# Exercise directions
All of the lines below need to be copied exactly, apart from the pictures.
==========
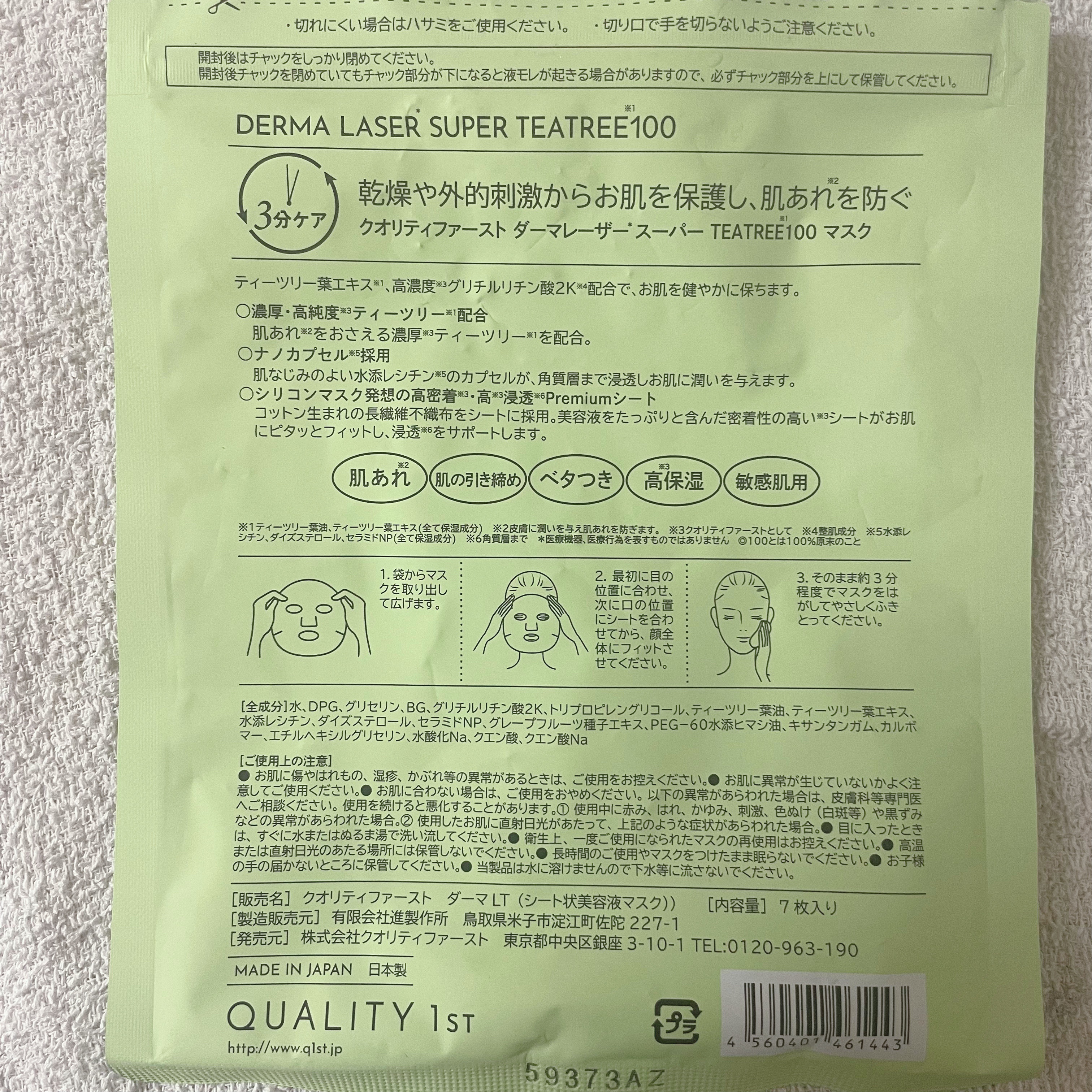 クオリティファーストダーマレーザースーパーTEATREE100マスク¥7707枚入り・濃厚・高純度ティーツリー配合・ナノカプセルテクノロジー採用・シリコンマスク発想の高密着、高浸透Premiumシート液もヒタヒタでシートもガーゼぽくて肌に密着...
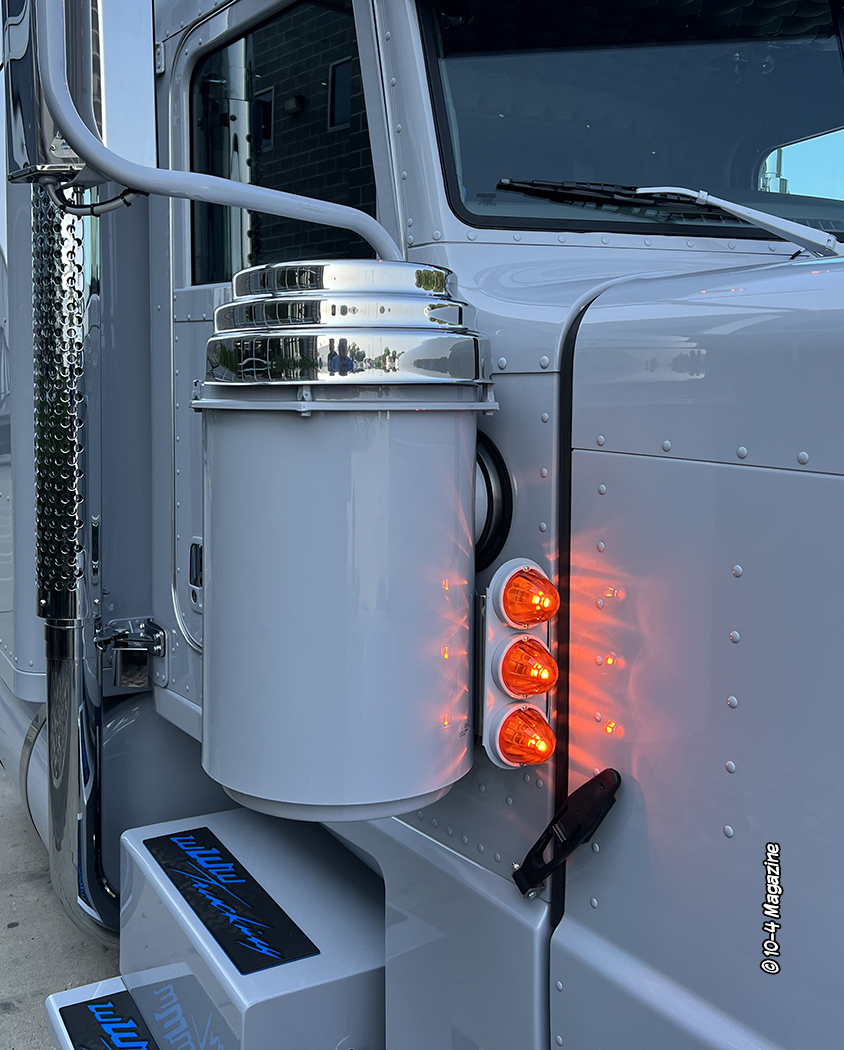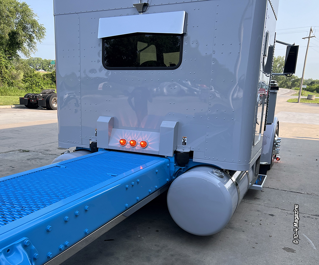 This new 2023 Peterbilt 389 is the last truck to be done at NRC (No Rush Customs). I wanted to thank Tyler for all the extra efforts and friendship over the years and congratulate Tyler (pictured above with Kyle) on his new role as Service Manager at Kansas City Peterbilt. This truck is bad, with lots of cool items – almost too many to list – but here’s a few things.
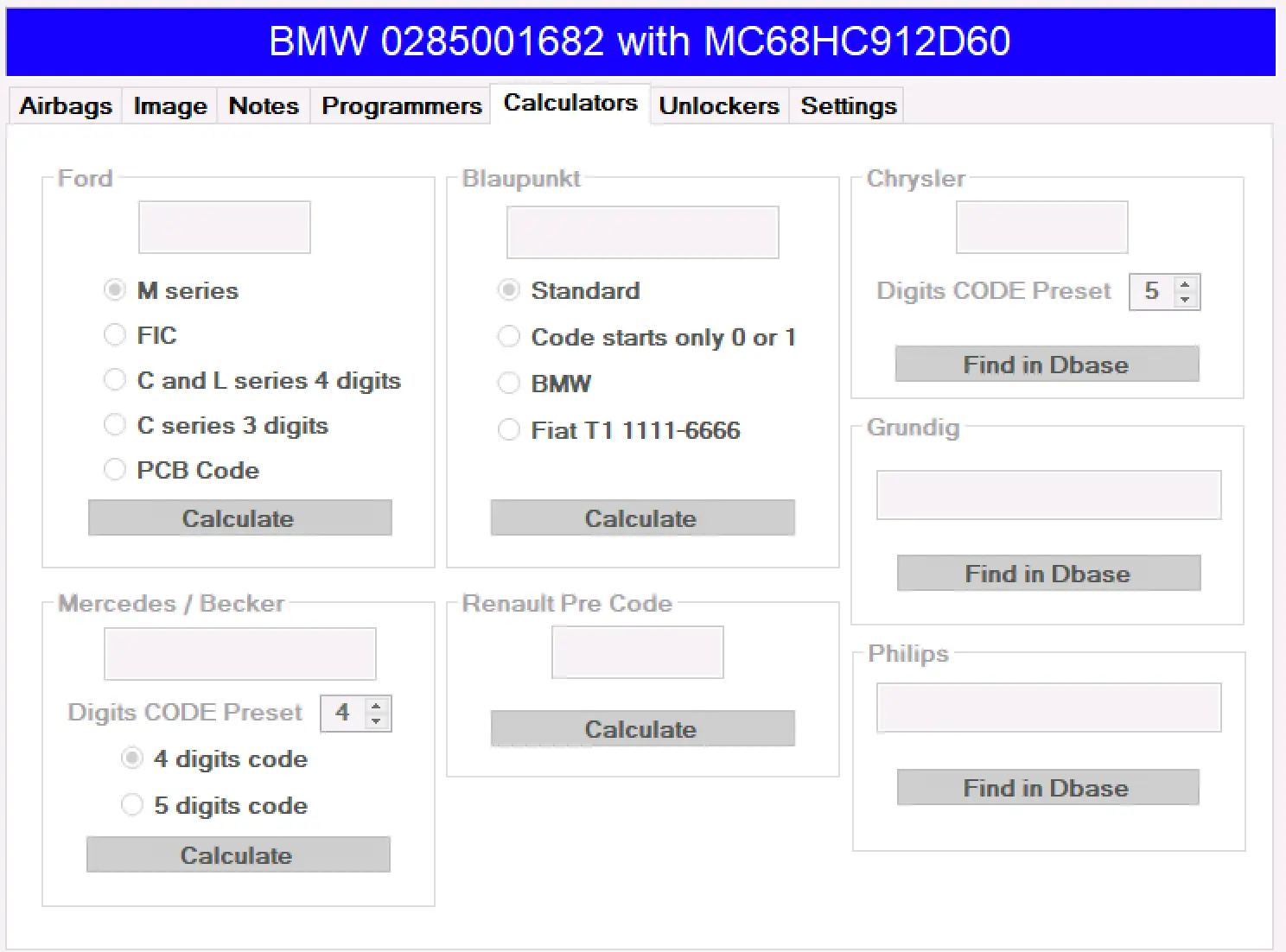 - Calculators: Ford M-series, Blaupunkt (incl. BMW profile), Mercedes/Becker, Renault pre-code, Chrysler, Grundig, Philips
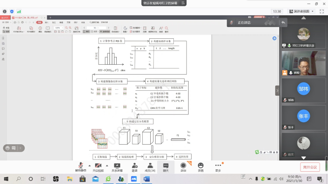 会议伊始,赵辉煌副院长介绍了会议的流程,并就学院近三年老师项目申报情况作报告。随后,邓红卫教授、梁小满教授、林睦纲博士和陈中博士分别以题为《RFⅠD室内三维指纹定位算法研究》、《AIOT背景下计算机视觉的目标检测算法研究》、《难解图问题重优化参数算法研究》和《混沌量子图像加密关键问题研究》的项目申报书做详细报告,同时,到会领导予以在线指导,与报告者就各自的申报课题以及申报项目相关内容进行了深入的分析和交流。
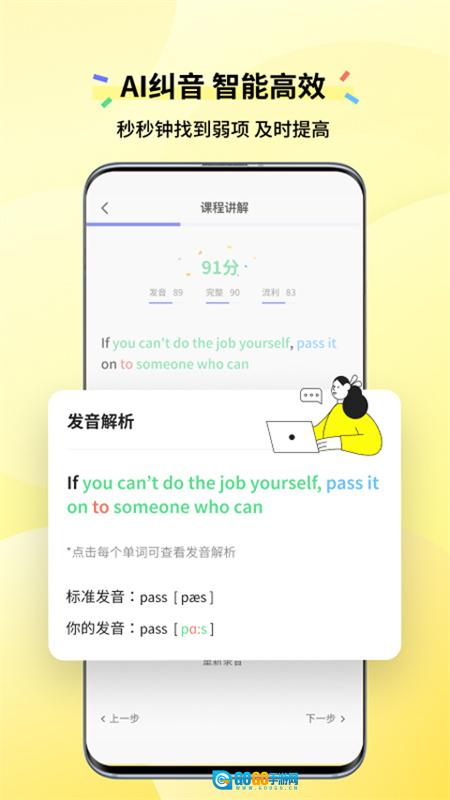 2. 智能评分:运用国际前沿的AI发音识别技术,能够清晰识别多种发音口音。
==========
# Output
 クオリティファーストダーマレーザースーパーTEATREE100マスク¥7707枚入り・濃厚・高純度ティーツリー配合・ナノカプセルテクノロジー採用・シリコンマスク発想の高密着、高浸透Premiumシート液もヒタヒタでシートもガーゼぽくて肌に密着...
 This new 2023 Peterbilt 389 is the last truck to be done at NRC (No Rush Customs). I wanted to thank Tyler for all the extra efforts and friendship over the years and congratulate Tyler (pictured above with Kyle) on his new role as Service Manager at Kansas City Peterbilt. This truck is bad, with lots of cool items – almost too many to list – but here’s a few things.
 - Calculators: Ford M-series, Blaupunkt (incl. BMW profile), Mercedes/Becker, Renault pre-code, Chrysler, Grundig, Philips
 会议伊始,赵辉煌副院长介绍了会议的流程,并就学院近三年老师项目申报情况作报告。随后,邓红卫教授、梁小满教授、林睦纲博士和陈中博士分别以题为《RFⅠD室内三维指纹定位算法研究》、《AIOT背景下计算机视觉的目标检测算法研究》、《难解图问题重优化参数算法研究》和《混沌量子图像加密关键问题研究》的项目申报书做详细报告,同时,到会领导予以在线指导,与报告者就各自的申报课题以及申报项目相关内容进行了深入的分析和交流。
 2. 智能评分:运用国际前沿的AI发音识别技术,能够清晰识别多种发音口音。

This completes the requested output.